GEBRUIKSHANDLEIDING F106.7 / F106.7A / F156.7 / F156.7A Machine in bedrijf nemen Inbedrijfname dagelijks Voor de dagelijkse inbedrijfname de werkzaamheden van het onderhoudsschema “T” uitvoeren. Zie ook “Inspectie-en onderhoudsschema's”.
De motor starten De motor uitsluitend starten terwijl u op de bestuurderstoel zit.

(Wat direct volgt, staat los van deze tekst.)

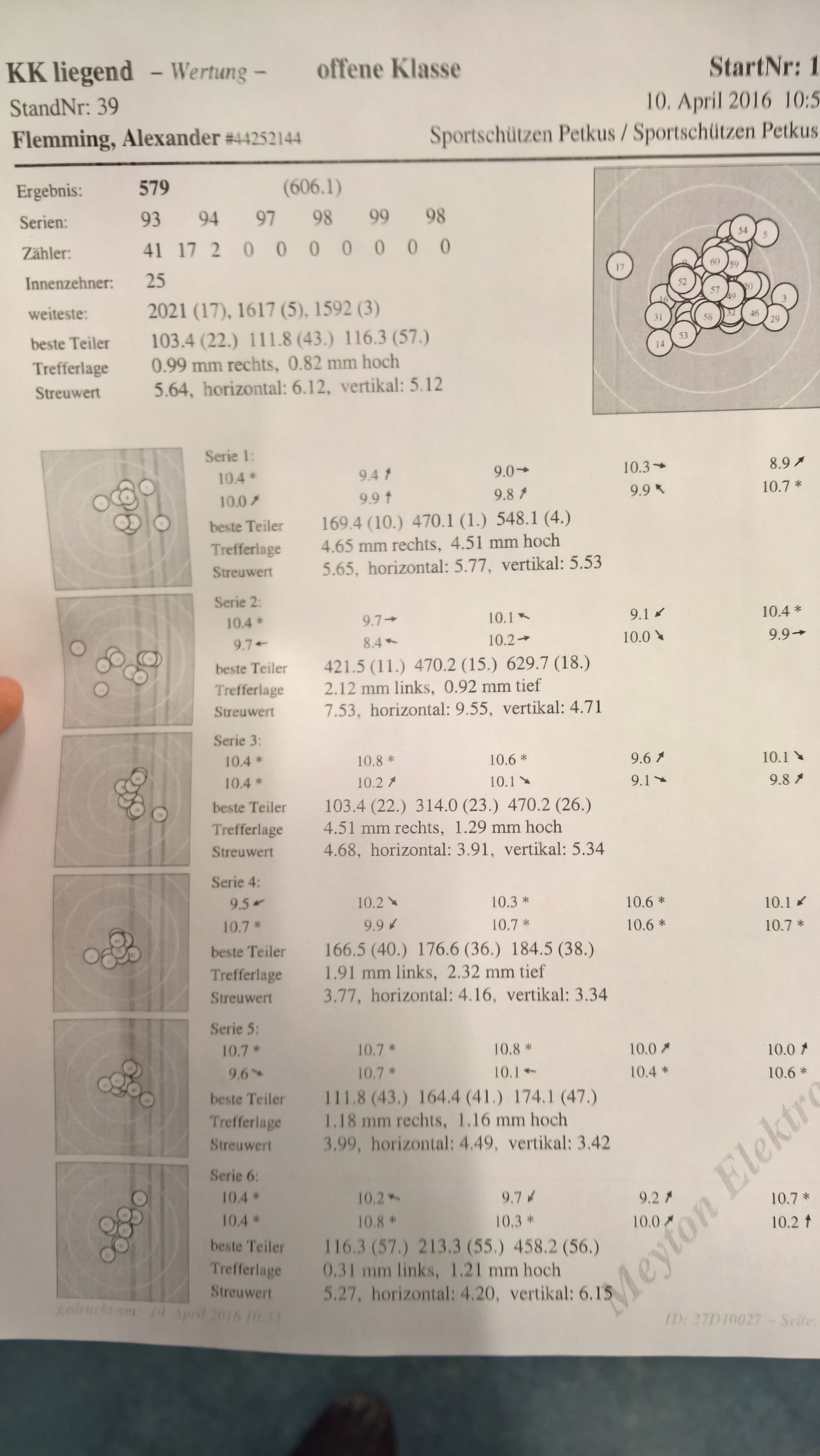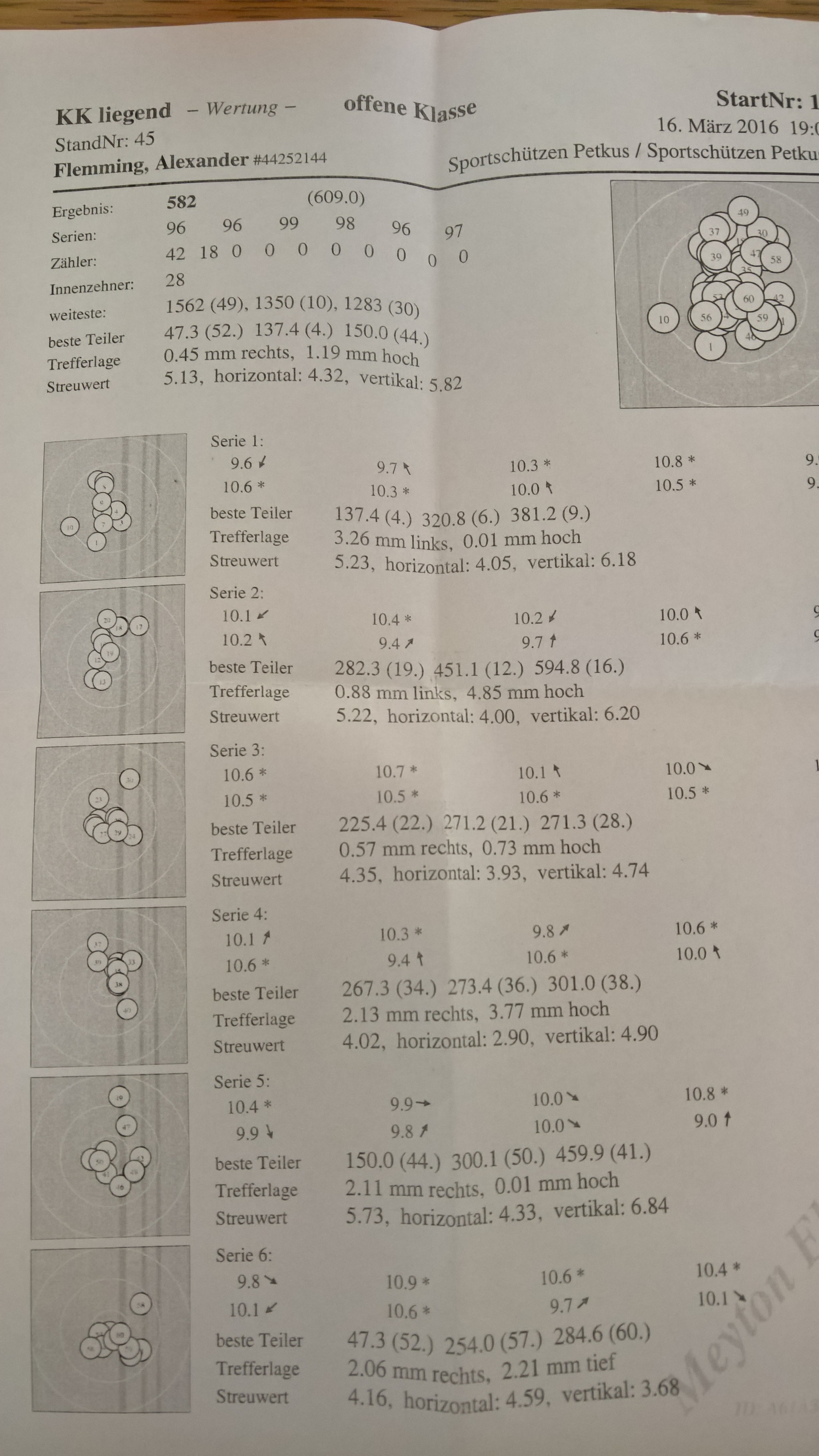 • Gestern im verschärften Training (wg. LM) zwei Serien mit voller Ringzahl und gleichem Zehntelwert geschossen.
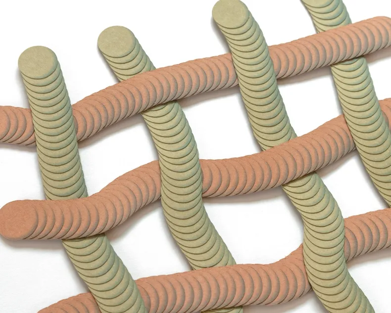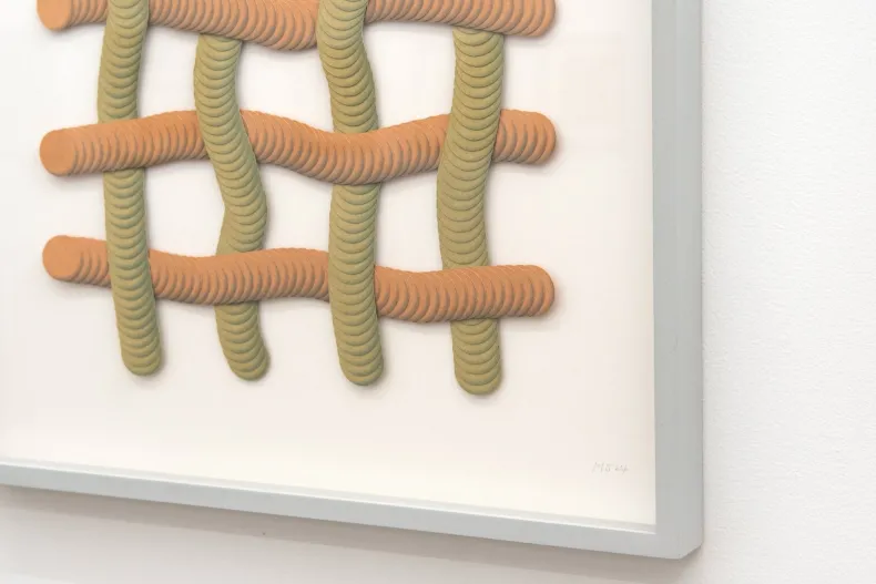 Suzuki’s artworks are carefully woven compositions of layered paper materials. Evoking a sense of movement and depth, the imbricated, intricate patterns dance between graphic design and textile art and are reminiscent of tapestries, nets, and baskets.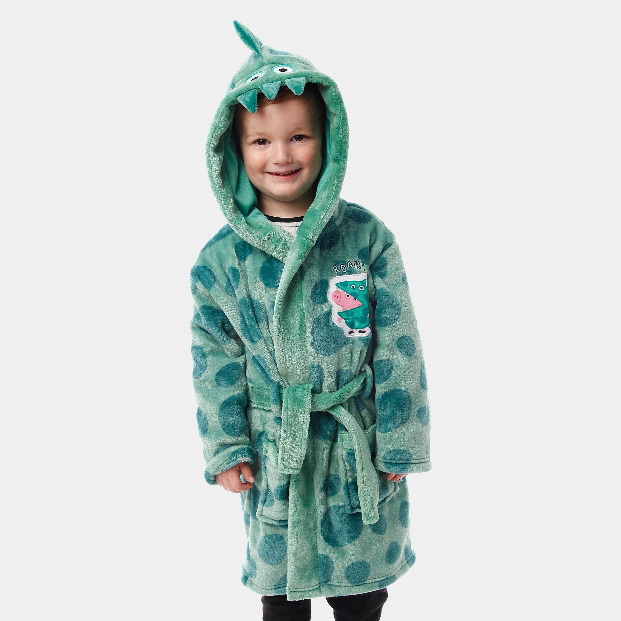 • Stay cosy and stylish: With an all-over print of green dinosaur scales on the Boys George Pig Dressing Gown!

Alvorens de motor te starten, controleren of alle bedieningselementen in de neutrale stand staan en of de parkeerrem niet losgezet is (op het display letten). De motor niet in afgesloten ruimtes laten draaien. Ervoor zorgen dat er voldoende ventilatie aanwezig is.
48
40001409.00-nl
Voordat de tractor gestart wordt, dienen de volgende punten gecontroleerd te worden. Zie ook “Onderhoudsschema T” en het hoofdstuk “Inspectie en onderhoud“. 1. Het oliepeil in de motorkrukkast en de transmissie controleren. 2. De koelwaterstand (in de winter antivriesmiddel) controleren. 3. Het vloeistofpeil in de accu's controleren (indien deze niet onderhoudsvrij zijn) 4. Het brandstofsysteem, het koelsysteem en op lekken van motorolie controleren. 5. V-snaar van de wisselstroomdynamo controleren. 6. Controleren of de banden de juiste luchtdruk hebben (zie hoofdstuk “Bandenspanning toegestane banden“).